At the genome-wide scale, the functional impact of CNVs has been studied in mouse and rat (Guryev et al., 2008; Henrichsen et al., 2009b; Orozco et al., 2009). In mouse, one study reported that the expression of genes within CNVs show moderate correlations with copy number changes (Henrichsen et al., 2009b), and another study reported that 83% of genes within CNVs were differentially expressed (Orozco et al., 2009). In rat, CNVs show functional relationships with 22 expression quantitative loci (Guryev et al., 2008).
A recent study reported 2,368 CNVs in horse (Doan et al., 2012). However, the relationships between CNVs and gene expression levels in horse have not yet been examined. In the current study, we investigated the effects of copy number deletion in the blood and muscle transcriptomes of Thoroughbred racing horses.
MATERIALS AND METHODS
RNA-seq data before and after exercise
We used RNA-seq data from four horses before and after exercise, as described elsewhere (Park et al., 2012; Kim et al., 2013); the data were submitted to the NCBI Gene Expression Omnibus (GEO) (http://www.ncbi.nlm.nih.gov/geo/) under accession number GSE37870. Briefly, samples of skeletal muscle and blood were taken from Thoroughbred horses before and after exercise. Then, using the Iluumina HiSeq2000, 20 sets of transcriptome data were generated for muscle and blood from four horses both before and after exercise.
The sequences were mapped to a horse reference genome using TopHat (ver.1.4.1) and annotated using the EquCab2 database (http://hgdownload.cse.ucsc.edu/downloads.html-horse) (Supplementary Table 3).
Mapped reads were assembled using Cufflinks (ver.1.3.0) (Trapnell et al., 2010) to estimate the abundance of genes. Fragments per kilobase of exon per million fragments (FPKM) of each sample were calculated to estimate the expression levels of the genes. The FPKM value set for all genes in the muscle and blood tissue samples was normalized using Quantile normalization (Bolstad).
Analysis of horse DNA re-sequencing data
Whole-blood samples were collected from the same four Thoroughbred racing horses used in RNA-seq analysis. Blood (10 mL) was drawn from the carotid artery and treated with heparin to prevent clotting. Manufacturers’ instructions were followed to create a paired library. The 90-bp pair-end reads sequence data were generated using HiSeq 2000 (Illumina, Inc., San Diego, CA, USA). Using Bowtie2 (ver. 2.1.0) (Langmead and Salzberg, 2012) with the default settings, pair-end sequence reads were mapped to the reference horse genome (equCab2). We used the following open-source software packages: Picard Tools (ver. 1.75), SAMtools (ver. 0.1.18) (Li et al., 2009), and the genome analysis toolkit (GATK) (version 2.2.4) (McKenna et al., 2010) for downstream processing and variant calling (Supplementary Figure 6).
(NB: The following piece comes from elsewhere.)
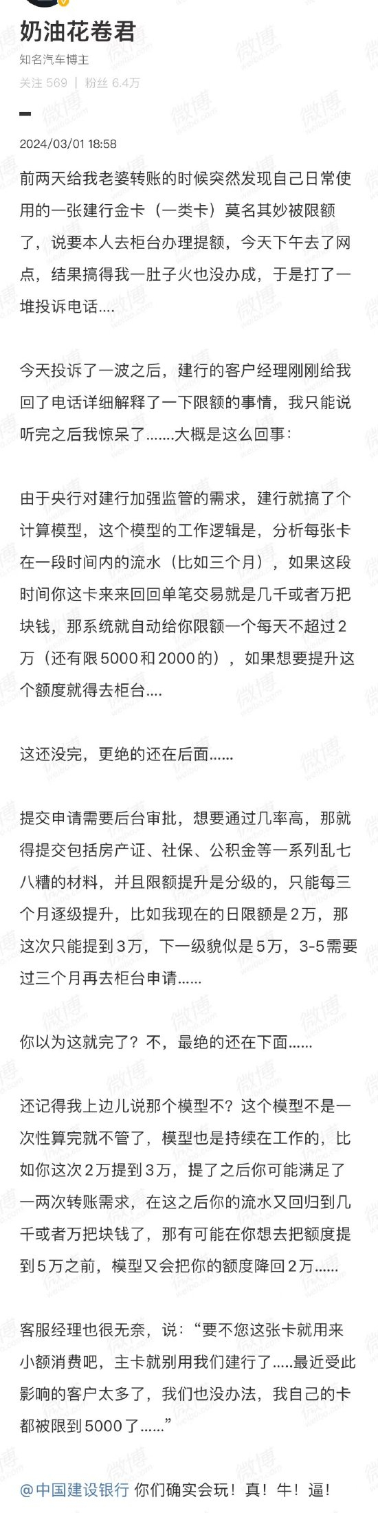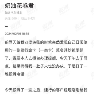 昨日,有微博网友吐槽称,他日常使用的一张建行金卡突然被限额,要求本人去柜台办理提额。然而他去网点办理没有成功,于是打了投诉电话。

The DNA re-sequencing data of 14 Thoroughbred racing stallions were downloaded from the NCBI sequence read archive (SRA) database under accession number SRA053569 described elsewhere (Kim et al., 2013). The pair-end sequence reads data were generated by the Korean Racing Authority, and the sampling, sequencing and mapping procedure were same as described above. The sequencing data of all 18 Thoroughbred racing horses are summarized in Supplementary Table 5.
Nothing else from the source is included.